Tal atitude, como já deixei bem claro, não surgiu agora. Se autoproclamar detentora exclusiva da bondade humana é estratégia que a esquerda utiliza há tempos. Mas o que me surpreende agora é a postura de muitos daqueles que pretendem votar na esquerda não por ideologia, mas apenas por a considerarem uma opção “menos pior”. E me refiro a esses não pelo fato de terem escolhido o caminho oposto ao meu, mas sim por considerarem, talvez influenciados pela própria esquerda, que seus votos são “moralmente superiores” aos votos destinados a Jair Bolsonaro. Não são. Essa é uma postura excludente e arrogante. É como se, de uma hora para outra, eu e todos aqueles que entendem ser o candidato da esquerda a opção mais desastrosa para o país, passássemos a ser coniventes com a violência, a aprovar a perseguição aos negros, a estimular o espancamento de homossexuais. Que bobagem é essa? Se essa premissa fosse verdadeira seria de se supor, em contrapartida, que todos os que pensam em migrar para o PT aprovam os roubos astronômicos aos cofres públicos, os assaltos aos fundos de pensão dos aposentados, o apoio às ditaduras bolivarianas, a irresponsabilidade fiscal e o completo descaso com as contas públicas do país.
Portanto, caros amigos que pretendem votar no candidato petista neste segundo turno, lembrem-se de que não dispomos mais de votos bons e maus. Ambas as opções têm sérios problemas e estão, segundo a minha ótica, longe de serem o melhor caminho para o país. Mesmo assim, votarei de acordo com a minha consciência buscando o que entendo ser o menos prejudicial ao Brasil.
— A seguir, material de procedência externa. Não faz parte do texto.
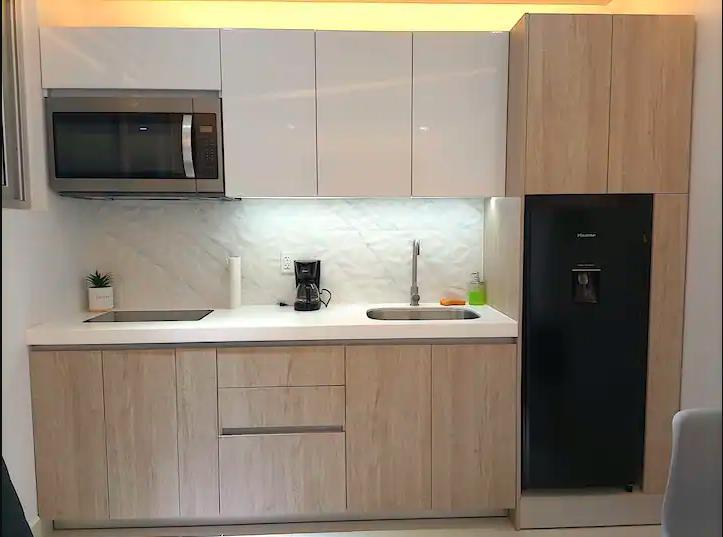 • Cocina tipo americana equipada con estufa, microondas, refrigerador y campana
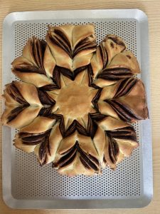 ETAPE 9 : Prendre les bouts de pâtes découpés 2 par 2, et torsadez-les vers l’extérieur 2 fois. Vous formez ainsi un joli flocons de neige 🙂
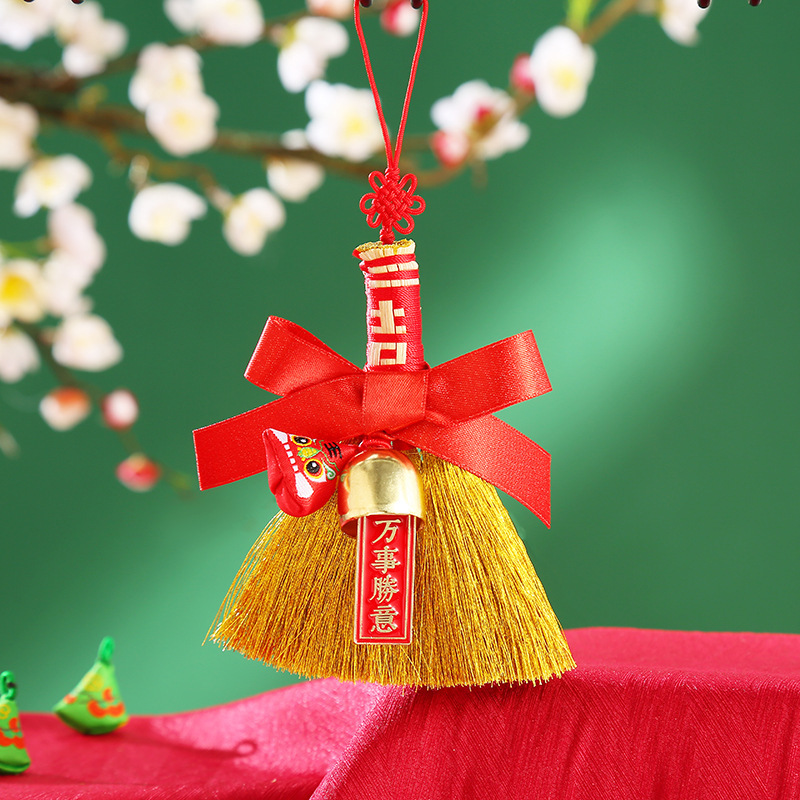 端午节进宅大吉小扫帚挂件迷你三角粽子艾草香包宝宝床头挂件批发
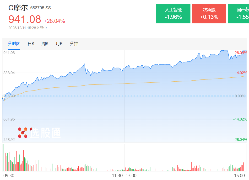 最终摩尔线程以日内最高价收盘,大涨28.04%,再度刷新历史新高。
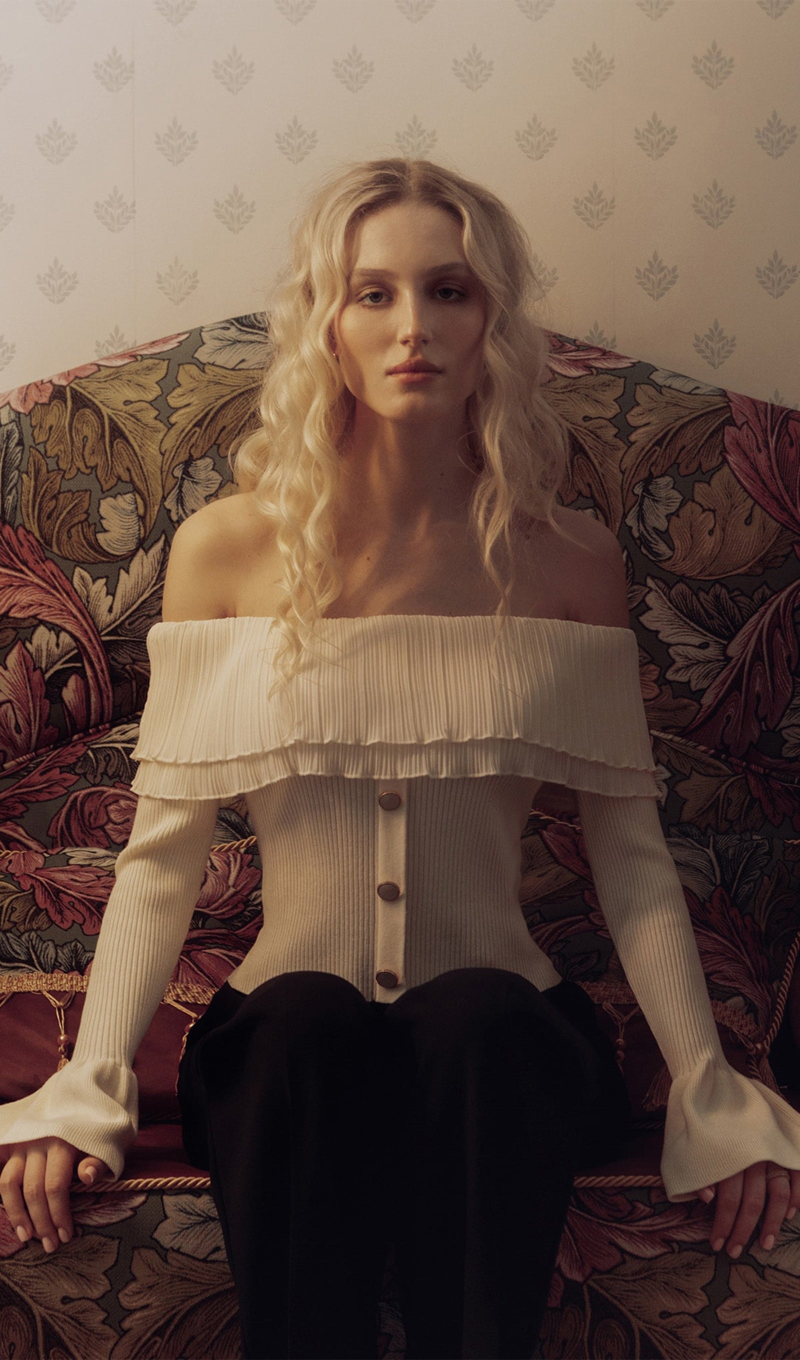 Flier Starplez Fırfır Düğme Detay Üst - Krem

Sugiro que façam o mesmo. Sugiro também que, daqui pra frente, antes de acusarem todo autor de alguma agressão ou incidente de “eleitor do coiso”, lembrem-se de chamá-lo, antes de tudo, de criminoso ou imbecil, e de que pessoas assim existem aos montes em ambos os lados. Não é o fato de alguém votar em Bolsonaro ou Haddad que irá determinar sua índole ou seu caráter. Sugiro, finalmente, quando ouvir mais uma vez que a esquerda é o único caminho para a liberdade e a democracia, que você se lembre de Guilherme Boulos incentivando uma multidão em comício a invadir a casa de Jair Bolsonaro; de José de Abreu ofendendo Regina Duarte e afirmando que não respeita “artista que defende fascista”; da garota que havia afirmado ter sido ferida com o símbolo da suástica por três apoiadores de Bolsonaro sob suspeita de automutilação; das testemunhas do assassinato de um professor de capoeira, além do próprio assassino, declarando que a briga que resultou no crime não foi provocada por divergência política, ao contrário do divulgado pela imprensa; das duas deputadas mulheres e do deputado negro mais votados da história do país, eleitos pelo PSL, e que não receberam um único aplauso vindo dos movimentos feminista ou negro; do professor da Universidade Federal da Bahia que foi preso em Salvador após tentar atropelar um homem que vendia camisas de apoio a Bolsonaro.
Se todos esses e muitos outros exemplos não o fizerem perceber que não estamos assistindo a uma luta entre Deus e o demônio, se ainda assim você considerar que existe o “ódio do bem”, talvez o voto mais imoral desta eleição seja exatamente o seu!